Return the complete listing exactly as it reads, with each picture removed.

> _The data_:
__________________________________________________
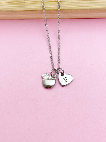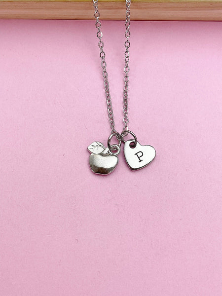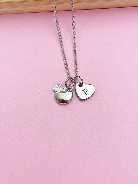 This is a silver-tone apple charm with hand stamped initial charm on stainless steel necklace.
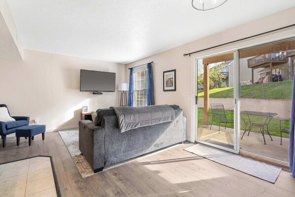 The home’s cozy interior is the perfect setting for spending your downtime, meticulously curated with your ultimate comfort and relaxation in mind. Sink into plush sofa or armchair seating while you queue up a new movie or stream your favorite shows on the smart TV. The efficient kitchen is well-equipped for all your culinary endeavors, showcasing stainless steel appliances and ample cabinetry stocked with cookware and dining ware. The chic dining table can seat 4 for formal meals while a café table for 2 awaits on the patio for dining al fresco in the fresh Ozark air.
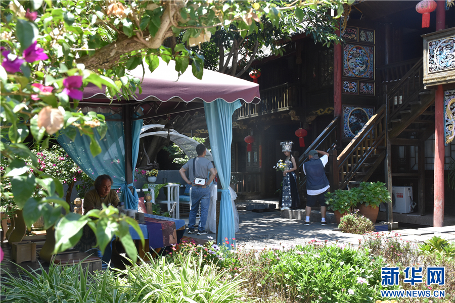 丽江古城赵公馆里旅拍的客人(8月14日摄)。新华网发(陈俊佳 摄)
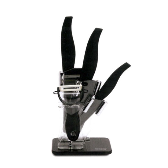 The knife set comes with 3 kitchen knives in different sizes. The knife stand is designed for keeping kitchen knives in place. The knives come with an ergonomic handle for a firm and comfortable grip.
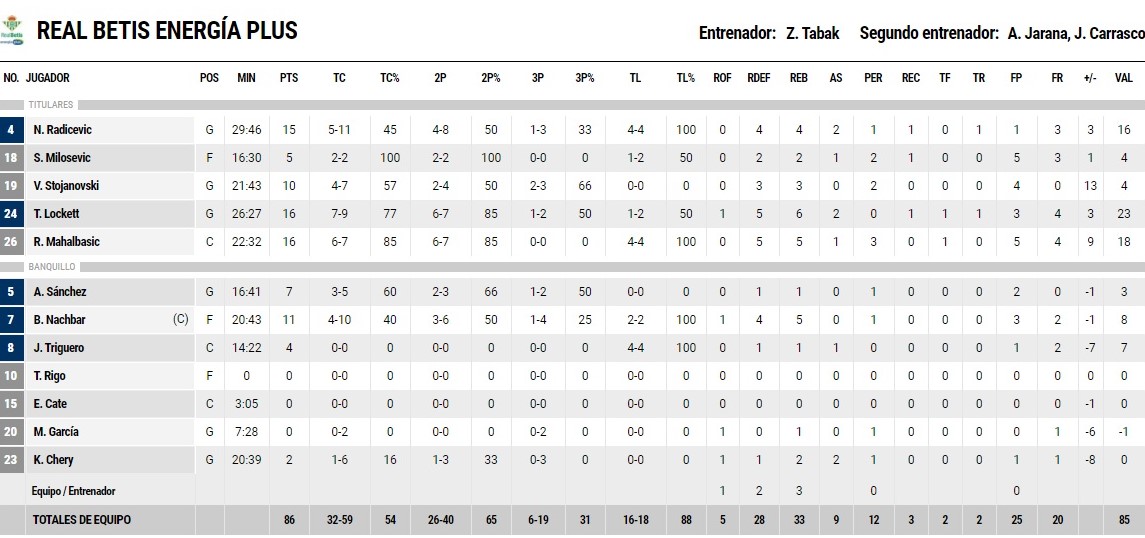 Real Betis Energía Plus: Radicevic (15), Stojanovski (10), Lockett (16), Milosevic (5), Mahalbasic (16) – quinteto titular -, Nachbar (11), Sánchez (7), Triguero (4), Rigo, Cate, García, Chery (2).
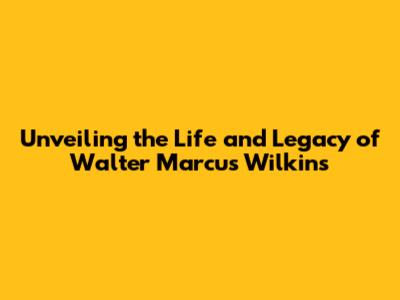 Unveiling The Life And Legacy Of Walter Marcus Wilkins
__________________________________________________
> _Result below_:
 This is a silver-tone apple charm with hand stamped initial charm on stainless steel necklace.
 The home’s cozy interior is the perfect setting for spending your downtime, meticulously curated with your ultimate comfort and relaxation in mind. Sink into plush sofa or armchair seating while you queue up a new movie or stream your favorite shows on the smart TV. The efficient kitchen is well-equipped for all your culinary endeavors, showcasing stainless steel appliances and ample cabinetry stocked with cookware and dining ware. The chic dining table can seat 4 for formal meals while a café table for 2 awaits on the patio for dining al fresco in the fresh Ozark air.
 丽江古城赵公馆里旅拍的客人(8月14日摄)。新华网发(陈俊佳 摄)
 The knife set comes with 3 kitchen knives in different sizes. The knife stand is designed for keeping kitchen knives in place. The knives come with an ergonomic handle for a firm and comfortable grip.
 Real Betis Energía Plus: Radicevic (15), Stojanovski (10), Lockett (16), Milosevic (5), Mahalbasic (16) – quinteto titular -, Nachbar (11), Sánchez (7), Triguero (4), Rigo, Cate, García, Chery (2).
 Unveiling The Life And Legacy Of Walter Marcus Wilkins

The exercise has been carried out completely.